Right to Independence

For almost 20 years, Independent Futures has been a haven for individuals with disabilities and their families navigating the adult world after public school supports end. In Illinois, we rank 47th nationally in funding for services that promote community inclusion and 47th in community employment. Families are left not knowing where to turn with a state-funded disability services system that lacks resources and opportunities for real choice and self-determination.

Independent Futures provides an answer. Adults with disabilities benefit from planning, training, inclusive housing, and a range of support services that they choose – to achieve full, active, socially engaged, and independent lives. 

“We invite you to watch the following video to hear firsthand how our work focuses on the hopes and dreams of individuals and families we support,” says Dick Malone, Executive Director of Center for Independent Futures. “​​We help individuals and families to find both independence and peace of mind.” 
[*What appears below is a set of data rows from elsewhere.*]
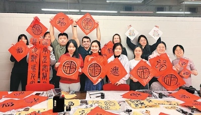 書畫社推動了中國文化在校園里的傳播。秦思涵說:“今年除夕夜,我們在學(xué)校擺攤賣春聯(lián)時發(fā)生了一件事情。一名女生問我,能否為她和她的室友們寫一副春聯(lián),里面包含她們的中文名字。有一名女孩不知道自己中文名字叫什么。她是一名扇舞舞者,我想了很久,為她起了名字‘葉舞翎’,并將其融入了春聯(lián)祝福。春聯(lián)寫好后,我們每個人都很開心。這樣的小事還有很多,越來越多人對我們的文化感興趣?!?/p>
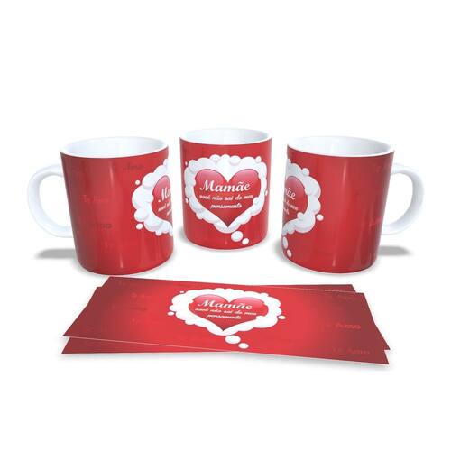 Caneca personalizada de porcelana de alto brilho, com interior e alça branca com linda Estampa da Coleção dia das Mães.
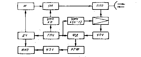 На рис. 4 приведен пример схемы истинно когерентной РЛС высокой скважности. Передатчик построен по многокаскадному принципу. Стабильные колебания задающего генератора промежуточной частоты (ГПЧ) умножаются по частоте и усиливаются в усилителе мощности (УМ). Одновременно в этом же каскаде происходит импульсная модуляция сигнала с высокой скважностью и частотой повторения, зависящей от модулятора (М). С помощью второго умножителя частоты (УМЧ), на который подаются колебания задающего генератора промежуточной частоты, формируется гетеродинный сигнал, используемый для преобразования частоты принимаемых сигналов в смесителе приемника. Усиленные в УПЧ сигналы сравниваются с опорным колебанием генератора промежуточной частоты на фазовом детекторе (ФД).
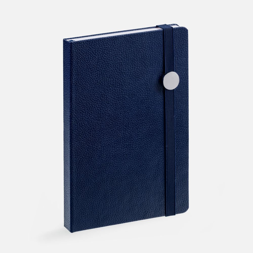 Зауженный ежедневник с круглым металлическим шильдом на резинке.
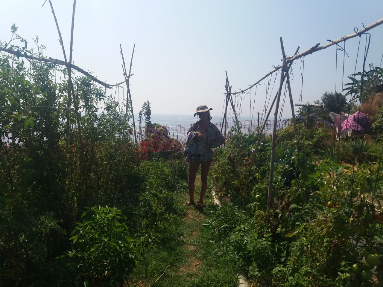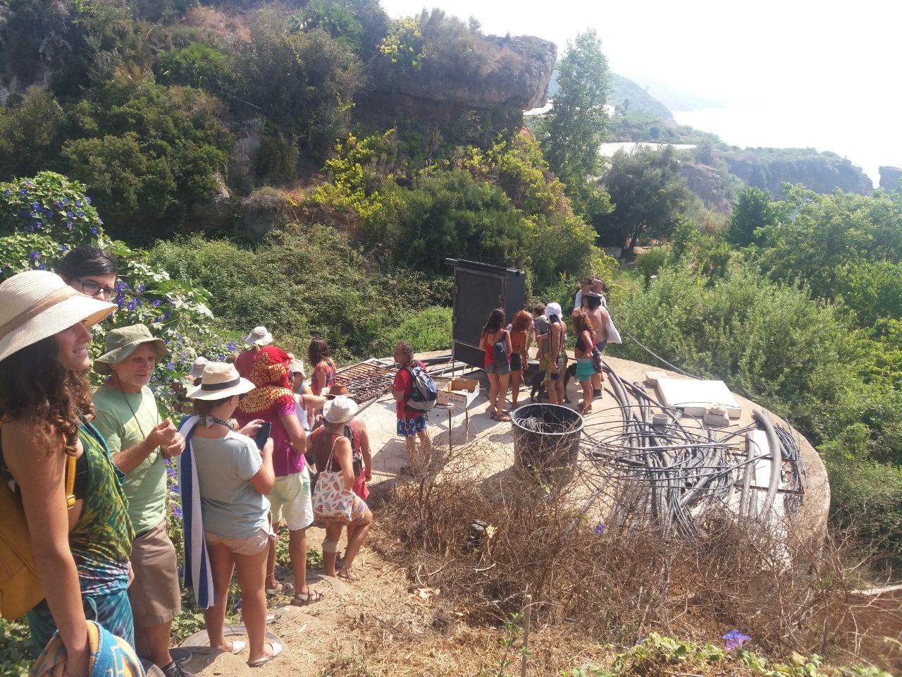 El sábado por la mañana fuimos de visita a una finca cercana, la de Sabina y Aurelio, y nos sorprendimos con la biodiversidad que generan y cuidan a orillas del mar… un wáter seco por aquí, otro por allá, duchas, habitaciones de bioconstrucción reciclada… una maravilla! Hasta bajar a la playa. El baño comunal de todas las que éramos fue de lo más bonito.
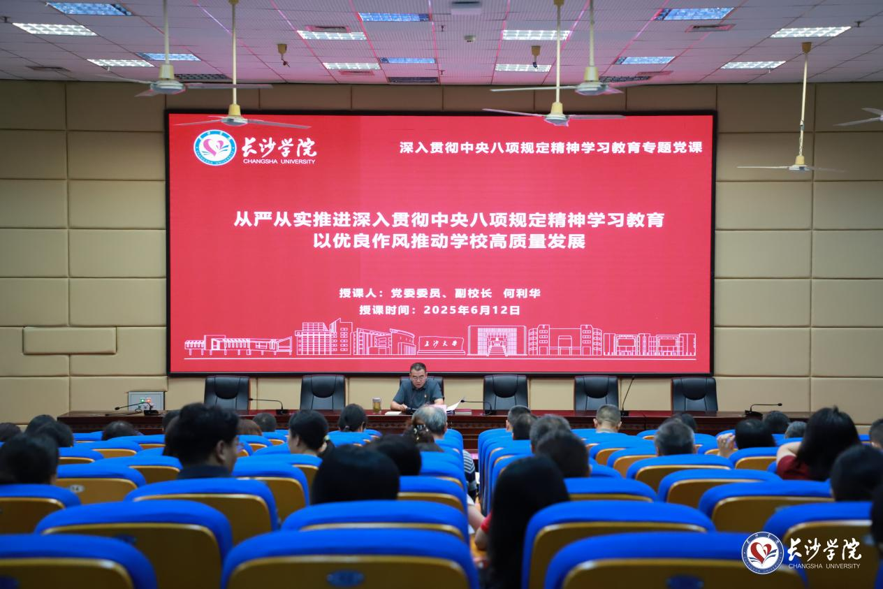 6月12日,党委委员、副校长何利华在致远楼学术报告厅讲授深入贯彻中央八项规定精神学习教育专题党课。
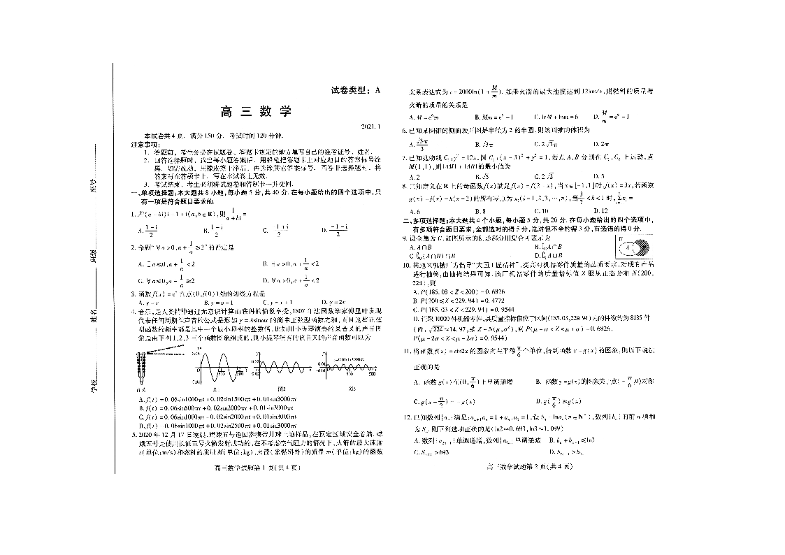 山东省潍坊市2021.1高三年级期末统考试题数学

My Job Before and After COVID, by Lindsay Tonyan

Before the pandemic, I was working from 10 am-2 pm in the dish room of Old Orchard Junior High. That’s where we wash dishes and there are big machines. I worked there for a total of 4 years already, and I like it.

It’s good because the schedule is helpful because I don’t get too many hours, and I get off holidays and the summers. I found this job by looking it up in Indeed. I applied for it, got an interview, and got hired right away.

Before the pandemic, it was difficult and rushed because there were a certain number of things I had to get done on time each day. I had to clean the dishes all by myself, put them through the dish machine, make sure they were dry and take them up to the front of the cafeteria to be served.

I kind of liked it – but it was hard at times. I really liked getting to know the kids. That was fun.

When the pandemic happened, I did not work. One of the supervisors told us that the school was going to be closed for an amount of time. I thought it might be less time, but it turned out to be longer.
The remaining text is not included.